Die Erfindung betrifft eine Behälter-Wechselvorrichtung zur Aufnahme eines Behälters, insbesondere mit in einer Montagelinie zu montierenden Bauteilen, und zum Transport des Behälters zwischen einer Beladestation und einer zumindest in etwa auf dem Niveau der Beladestation liegenden Bauteile-Wechselstation, in welcher ein Handhabungsgerät die Bauteile in dem Behälter greifen oder Bauteile in ihn ablegen kann.

Behälter mit in einer Montagelinie zu montierenden Bauteilen werden meist mit Gabelstaplern in eine Beladestation neben der Montagelinie abgesetzt und von dort mittels einer Behälter-Wechselvorrichtung in eine Bauteile-Wechselstation bewegt, welche im Greifbereich eines Roboterarmes liegt. Nach dem Entleeren des Behälters wird dieser zu einer Seite hin in eine Entladeposition und ein neuer, voller Behälter aus der Beladeposition in die Bauteile-Wechselstation bewegt. Wichtig ist hierbei, daß in Beladeposition stets ein voller Behälter bereitsteht, damit durch den Behälterwechsel keine Produktionspause eintreten kann, und daß der volle Behälter während des Leerens des zuvor zugeführten vollen Behälters in die Beladestation abgesetzt werden kann. Dadurch hat der Stapelfahrer zum Anliefern des vollen Behälters hierfür genügend Zeit.

Der zur Verfügung stehende Platz wird bei modernen Montagelinien immer geringer, da immer mehr automatische Montageeinrichtungen auf engem Raum und die Fertigung mehrerer Typvarianten auf einer Montagelinie vorgesehen werden und da der Platzbedarf einen wesentlichen Kostenfaktor darstellt.

Ähnliche Probleme wie bei Montagelinien treten auch bei der Anlieferung und Abfuhr von Einzelteilen bei Fertigungslinien, beispielsweise in der Automobilindustrie beim Betrieb von Blechpressen auf.

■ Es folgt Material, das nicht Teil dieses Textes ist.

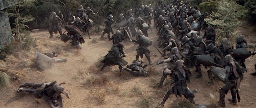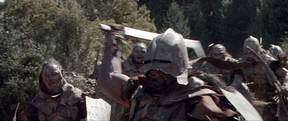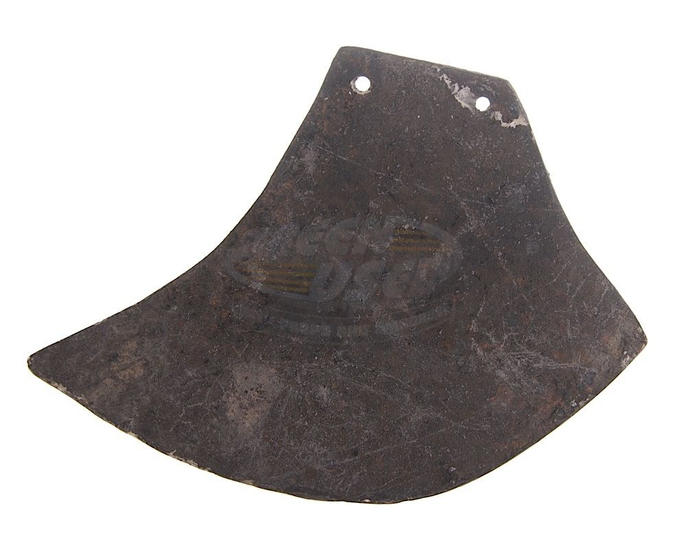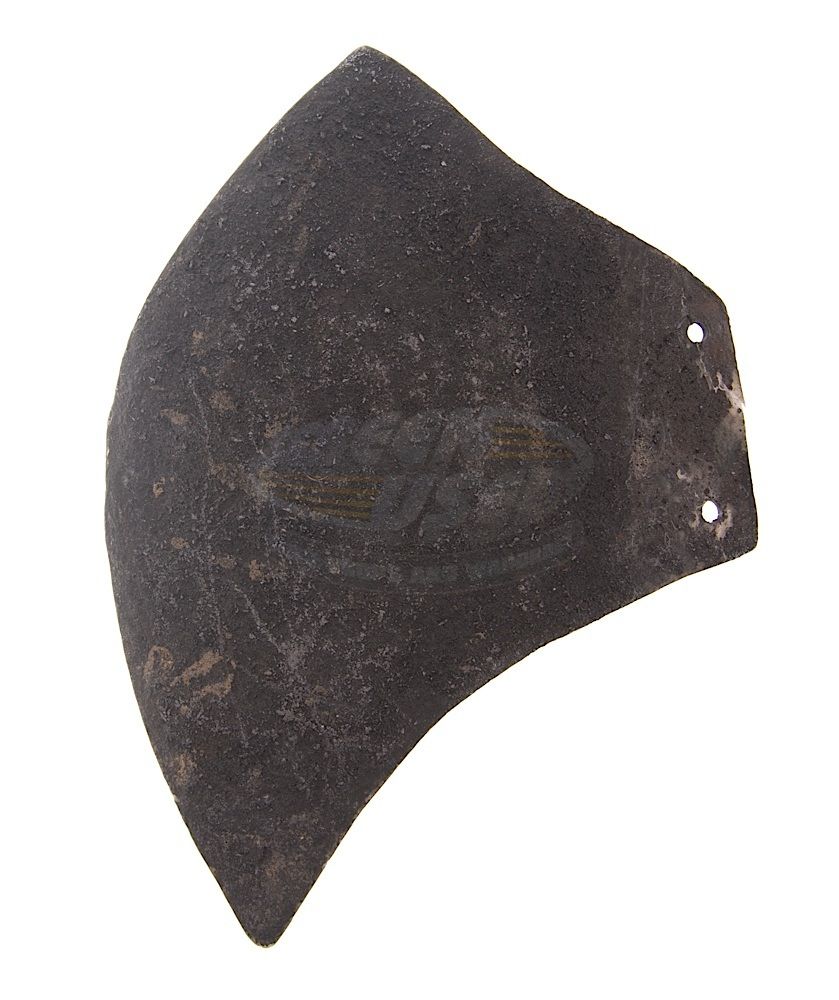 (New Line Cinema, 2001) This costume armor plate was custom-made by the production for use by various actors as "Uruk Hai". The armor plate is made of hard plastic with a rough textured finish to give the appearance of distressed aged metal. Measures 9" x 6.5".

Auch wenn Fahrzeuge automatisch demontiert werden, sind die zu lösenden Platzprobleme vergleichbar.

In der Offenlegungsschrift DE 34 24 988 A1 wird eine Vorrichtung zum Zuführen von Gegenständen beschrieben, bei der diese in stapelbaren Trägern untergebracht sind. Die Träger werden in einem Stapel der Vorrichtung zugeführt, worauf der oberste Träger seitlich vom Stapel in eine neben dem Stapel befindliche Position geschoben wird, in der ihm von einem Roboter die Gegenstände entnommen werden. Sobald der Träger entleert ist, wird er heruntergefahren und unter den angehobenen Stapel geschoben. Auf die Weise rotieren die Träger durch den Stapel, bis alle entleert sind, worauf sie der Vorrichtung als Stapel entnommen werden. Nachteilig an der Vorrichtung ist, dass zwei Hubvorrichtungen benötigt werden.

Der Erfindung liegt das Problem zugrunde, eine Behälter-Wechselvorrichtung der eingangs genannten Art so auszubilden, daß das Zuführen und Abführen von Behältern ohne Verzögerung des Produktionsablaufs möglich wird und die möglichst platzsparend angeordnet werden kann.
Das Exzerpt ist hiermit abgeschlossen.